Be it with Ibikunle Amosun of Ogun State, Rochas Okorocha of Imo State or Rotimi Akeredolu of Ondo State, Adams Oshiomhole is right now in deep trouble and is set for the severest test of his survival as party chair. Whether he succeeds in retaining his seat depends very much on how much force he could muster and how well he could push back against the governors who have been joined by ministers and other party stalwarts in the Oshiomhole-must-go campaign.

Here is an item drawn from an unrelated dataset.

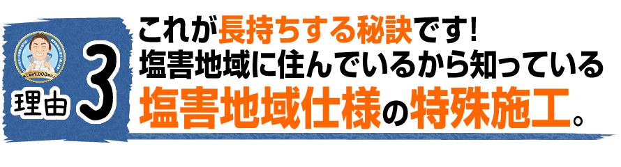 私どもは、塩害地域の特性を知っているから同じ塗料でも長持ちします。
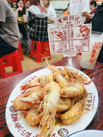 amydog浓浓港风,年轻人喜欢的市井Style😋 2023-4-25 85分钟的排队等待,90分钟的规定用餐时间,进店和离店时候排队的人数几乎没差,小姐姐说每晚都要营业到1点半😮💨 招牌爆膏奶油虾,招牌生姜花螺,复古菠萝冰,件件都好吃😋 【口味】 |招牌爆膏奶油虾^118,第一次吃奶油味的大头虾,味道非常绝,香甜的口感,虾又大又壮,其实想象并不便宜,不是大排档价格,哈哈哈哈哈 |沙姜花螺^118,到广东就是要吃螺啊,鲜嫩多汁就对了,而且又大,吃着吃着也会饱 |菠萝冰^22,店门口糖水铺的,也是同一家店,真的很需要这样子一大杯降温,比起朱光玉的招牌饮料浓郁多了,菠萝也是新鲜菠萝 因为在酒店附近,所以7点的时候先过来拿了号回酒店睡了一觉再过来 Take me to your home,波霸🍍喝完菠萝冰,艾小米能不能霸气一点呢😊可惜菠萝冰杯子上却印了飛機二字🥲 最新荣登2023必吃榜,实至名归📣 又是不快乐的一天鸭⛅️@广州等我餸上门海鲜大排档天河南#艾小米的春季拉力赛# 2023 D6

Things were always bound to end like this. There are too many contending interests in the APC and there was no way any party chair could satisfy one interest group without offending another. It was in a bid to satisfy one group at the expense of another that the former chair of the APC, John Odigie Oyegun, was made to bite the dust and pave way for Oshiomhole. If Oshiomhole would retain his position, it would not only be with the support of those who have him in their good book but how much stronger that support is than that of the governors’ group. In a sense, therefore, the battle between Oshiomhole and the governors is a proxy war between Bola Tinubu and the governors opposed to his position in the APC. Oyegun lost his position mainly because he lost Tinubu’s trust. Oshiomhole restored that trust but has in the process displeased others.
In all of this, President Buhari has been further sidelined and his lame duck position is further contoured against the background of his ongoing re-election plans. No doubt, his success at the polls is greatly imperiled by the internal wrangling in the APC. It makes defeat by the Peoples Democratic Party, PDP, candidate, Atiku Abubakar, a very probable proposition. While the different forces ranged against one another in the APC would and could win in their different zones and areas of control, the party could lose the bigger prize that is the presidential election.
The ultimate loser would be President Muhammadu Buhari who brought this all upon himself, many would say rightly, by his contrived aloofness from activities within his party, positioning himself as not a little above the fray he imagined suited the ‘politicians’ in the APC fold. Now he has a price to pay as he is being made a mere onlooker at what should be his own pre-victory party. After all, he is the proud recipient of some 12 million votes in the APC, one-man, presidential primaries. All that pretence to political saintliness is all coming to nothing and will indeed come to nothing by the time the different forces self-destruct.
Like a decomposing flesh, the APC seems poised to implode from the bowels, and nothing makes that clearer than the corruption investigation for alleged financial impropriety being levelled against Adams Oshiomhole. This is an insider job that proves just how sinister politicians could be. They know where the rot lies and how to point to where to look when needs be.
Neither the Department of State Services, DSS, nor the Economic and Financial Crimes Commission, EFCC, would have much to do. The ground is very much cleared for them, should they choose to act. The APC primaries have come and gone. But after the governors cried wolf, after their witch howled across the spine-chilling silence of the night, nobody needs a dibia to tell them that it was the witch that cried the night before that killed the child.